It was Professor Plot in the Diagram with a Graph

Looking for clues 2008-04-04 016

I’m looking for clues.

You probably were taught how to graph data in high school. Depending on your work, you may frequently plot data yourself or look at graphs prepared by others. Even if you don’t use graphs on your job, you may run into them during your leisure time, reading the newspaper, managing your finances, or playing Dungeons and Dragons. But there’s a big difference between looking at someone else’s graph and preparing one yourself. When you were learning how to graph in school, the teachers told you what kind of graph to use. They gave you carefully selected data that was matched to the graph you were supposed to create. There was help available if you had any questions. Now, it’s just you and your computer. So if you have no clue as to where to begin, here are a few tips that may help.

First let’s get past the jargon of plots, charts, graphs, and diagrams. All of these terms are defined as visual representations of data. All are used synonymously. All are used as both nouns and verbs. All have other meanings. To split hairs:

  • Plots tend to place more emphasis on individual data points.
  • Charts tend to involve lines and areas more than individual points.
  • Graphs tend to be more mathematically complex than charts and plots.
  • Diagrams tend to be more artistic and fill the entire data space.

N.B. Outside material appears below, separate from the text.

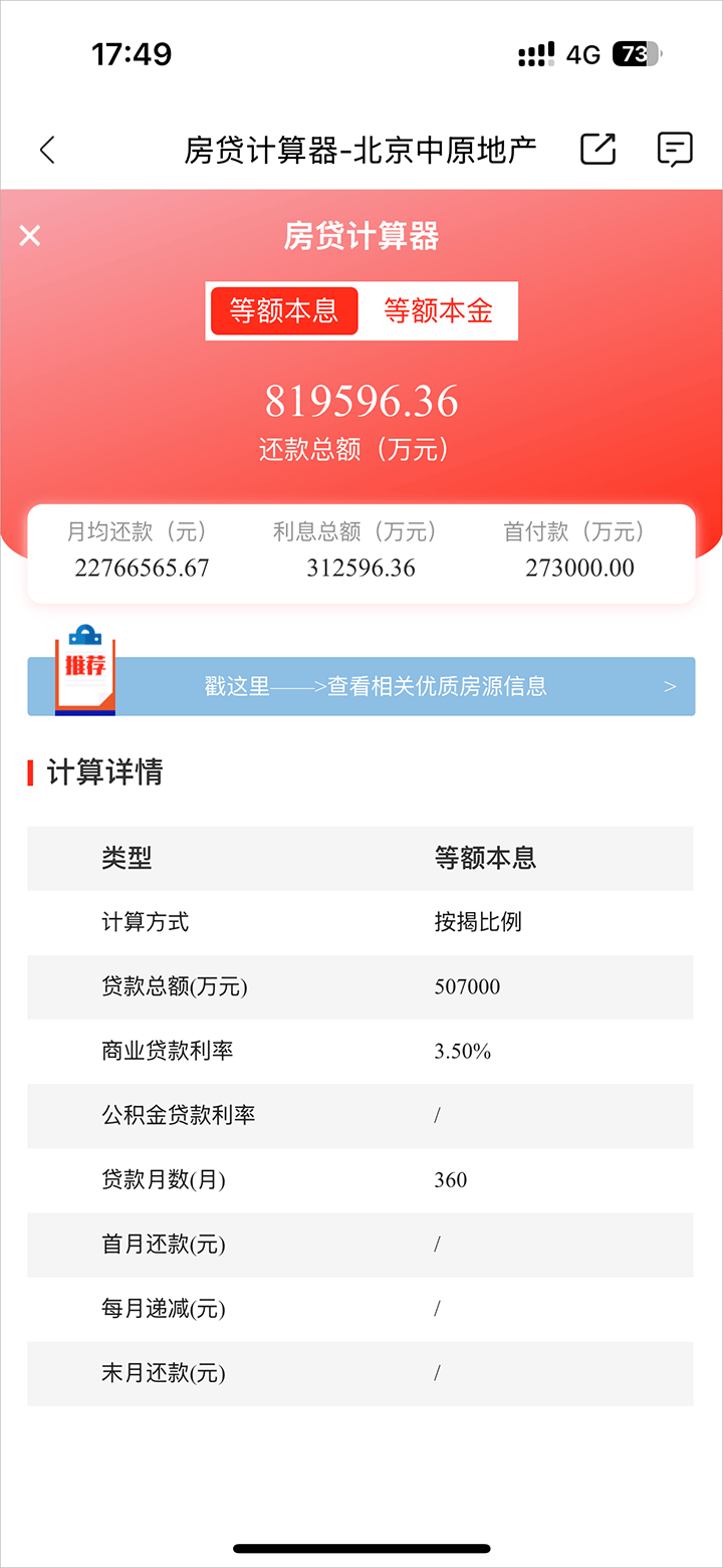 2、房贷计算器:支持公积金贷款、商业贷款和组合贷款三种不同的贷款方式,方便您随时计算“月均还款”、“还款总额”和“支付利息”。

Not everyone would agree with this, of course. That being said, you can usually refer to visual representations of data by any of the four terms without being called out by a smart-aleck critic. If you’re referring to a specific kind of visual representations of data, one of the four terms usually is preferred, for example, bar charts, scatter plots, and block diagrams. Most specific kinds of visual representations of data are called plots or charts, and to a much lesser extent, diagrams. The term graph is used mostly in a general sense, which is how it is used in this blog.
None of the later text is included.